Since in a GO CDR, the oscillation frequency of the CCO is not controlled directly through a phase-locked loop (PLL), a frequency difference can exist between the GO CDR and the incoming data stream. The frequency tolerance (FTOL), is defined as the maximum frequency difference at which the BER remains lower than a specified value (usually,  $BER < 10^{-12}$ ) [5]. For correct sampling in ideal conditions, when there is no jitter on data or clock, the frequency error must be smaller than  $|f_{ck} - f_0| < f_0/2n$  ( $f_0 = \omega_0/2\pi$  is the nominal data frequency,  $f_{ck} = 1/T_{ck}$  is the oscillator frequency, and *n* indicates the number of consecutive identical digits (CID)). Using 8B10B coding, CID would be limited to five, *i.e.*,  $n \le 5$  [5]. Hence, based on (2): FTOL<10%. However, in practice FTOL is less than this value mainly because of existing jitter on the sampling clock or on the input data.
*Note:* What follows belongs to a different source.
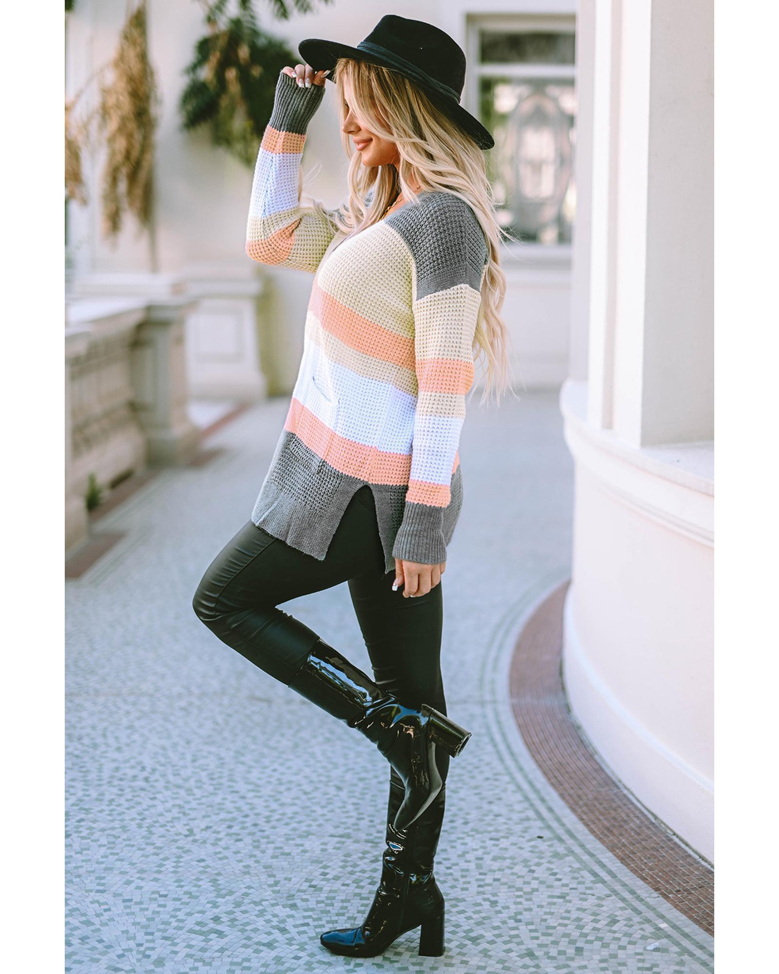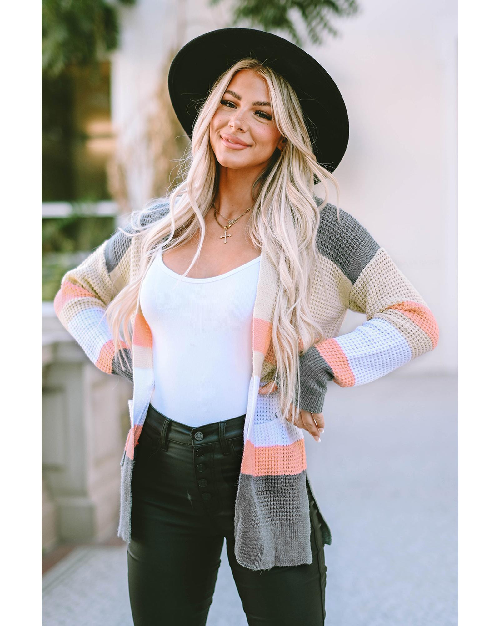 Multicolor color block striped design Open cardigan with pockets Perfect for winter season Pairs well with tops and jeans Fashionable and trendy Available for women - Material: 60% Acrylic 40% Polyamide

While the jitter on the received data is not under control, it is possible to reduce the sampling clock or data can reduce the FTOL. Figure 4(a) depicts how the jitter on sampling clock or data can reduce the FTOL. Figure 4(b) shows the achievable FTOL based on behavioral modeling in presence of random jitter on received data and recovered

clock [15], [17]. As can be seen, an increase in clock jitter will result in FTOL degradation. Here, deterministic jitter (DJ) has been also included on the received data to model more accurately the practical condition [16], [17]. Based on this approach, to have an acceptable frequency tolerance, jitter generation in the oscillator must be very small. The main source of jitter on sampling clock in this configuration is the accumulated jitter during free running of gated oscillator. The accumulated jitter increases with free running time interval of oscillator and can be expressed as [18],[19]:

$$\sigma_{ck} = \kappa \sqrt{\Delta T} \tag{1}$$

in which  $\sigma_{ck}$  indicates the *rms* (root mean square) jitter value on clock accumulated during the time interval of  $\Delta T$ , and  $\kappa$  is a proportionality factor depends on topology and also power consumption of the delay stages in ring oscillator and also technology parameters [18], [19]. In a GO CDR,  $\Delta T$  depends on the number of CIDs [15]. Therefore, according to Fig. 4(b) and using (1), it is possible to estimate the maximum acceptable  $\kappa$  to have the desired FTOL. In the next step, this criterion can be translated into circuit parameters such as biasing conditions and hence the size of devices in each delay cell. As will be shown later, this criteria is one of the main criteria that prevent further lowering the power dissipation of the proposed CDR. As depicted in Fig. 5, the approach proposes a simple methodology for designing a power efficient GO CDR. Based on this approach, the main limitations on oscillator jitter dictated by FTOL and JTOL can be used to determine the general circuit specifications such as power consumption. Regarding frequency of operation, then it is possible to determine the detailed circuit parameters such as biasing conditions and the size of transistors.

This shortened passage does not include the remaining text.